In writing this article we realize that we have the potential to come across as self-righteous, never do wrong, (you fill in the blank) neighbors. That is certainly not our intent. We will simply offer some reflections and lessons learned from being in Human Resources Management and teaching Leadership and Group Dynamics classes at UNC for 14 years. Teaching Leadership and Group Dynamics was Diane’s favorite class. She loved watching students gain insights into their feelings, thoughts and actions. Given Diane and LeAnn’s previous work, they reached out to Nancy after she voiced her concerns in her role as the new Board President. The idea was born. Nancy asked if Ed, and LeAnn and Diane, could team up to write two articles for the newsletter. Ed eloquently outlined 6 attitudes and 3 ways to use our voices to build a healthy community. We will certainly try to embody these practices as we interact with others, and hope others will also take his lessons to heart. Our intent in this article is to offer insights on how to be mindful of our feelings, thoughts, and actions as a way to promote healing.
Diane often discussed with her students how all of us have moments where we act “less than our best”. There are so many reasons why we are pushed to behave in unattractive ways, but the bottom line is… our feelings and actions are always in our control. Our thoughts, well those can be like “wild stallions” that just got let out of a fence.

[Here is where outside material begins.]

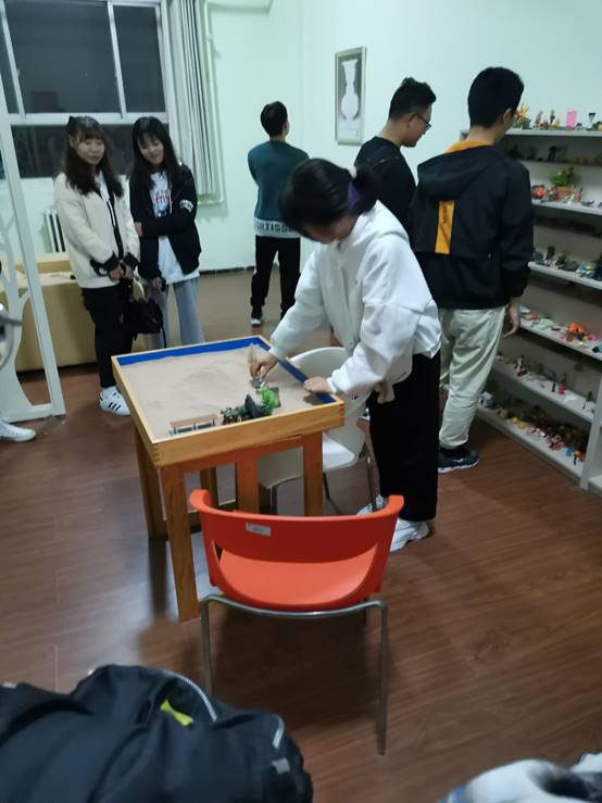 随后,李扬老师带领大家逐个参观了预约等候室、个人心理咨询室、沙盘心理放松室等房间,并就其功能定位进行说明。为了让大家更直观感受到心理放松室的魅力,安老师让同学们摆放沙盘并且说明介绍了其功能和魅力所在,并且还向同学们介绍了音乐按摩椅,从细微之处让大家感受到了心理咨询的专业性与魅力。

We can’t control the thoughts that race into our head. Like when we “wish a coconut would fall out of a tree and hit my neighbor in the head so they would shut the heck up!” Oops. Did I really just think that? Well, yes you did. We all have thoughts that pop into our head that might be less than neighborly. However, when thoughts arise do you refer back to the 9 elements Ed discussed in his article to feel and behave in an appropriate manner despite your thoughts? In these moments, are we still able to listen to our neighbor, to really hear what they are trying to say, to allow them to speak freely without dominating them, or making them feel threatened or ostracized because we strongly disagree with their view on how to approach a subject? When faced with critical moments such as these, we have turned to the I Ching to provide insight on how to use moments to grow, heal, and achieve harmony and good in a community.

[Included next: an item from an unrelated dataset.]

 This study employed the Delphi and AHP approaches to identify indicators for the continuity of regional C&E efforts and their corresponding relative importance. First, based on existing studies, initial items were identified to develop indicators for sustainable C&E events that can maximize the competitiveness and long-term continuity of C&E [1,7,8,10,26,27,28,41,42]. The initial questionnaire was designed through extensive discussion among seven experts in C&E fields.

The I Ching is an ancient Chinese text that is a guide to Life’s Turning Points. Our favorite interpretation is by Brian Brown Walker. The I Ching posits that we all have inferior and superior qualities and it teaches one how to respond to negative influences in a manner that avoids harm and maintains well-being. It encourages us to embody qualities such as: modesty, awareness, tolerance, devotion to inner truth, compassion, balance, adaptability, and acceptance, while letting go of inferior qualities such as ego, fear, anger, arrogance, anxiety, aggressiveness, and harshness. Ahhhh. Can’t you just imagine a world where we are all able to master these healing principles?
In the end, we cannot control how others act, or what they say. All we can do is control our response. In doing so we can feel assured that we have done our part to dampen the noise and build a really great community. If anyone is interested in learning more about the I Ching we welcome the opportunity to meet out by the pool and throw some coins! Wine in hand of course.
Humbly submitted by Diane Groff and LeAnn Hinson (True story. LeAnn did get hit in the head with a coconut one day walking down the beach in Belize).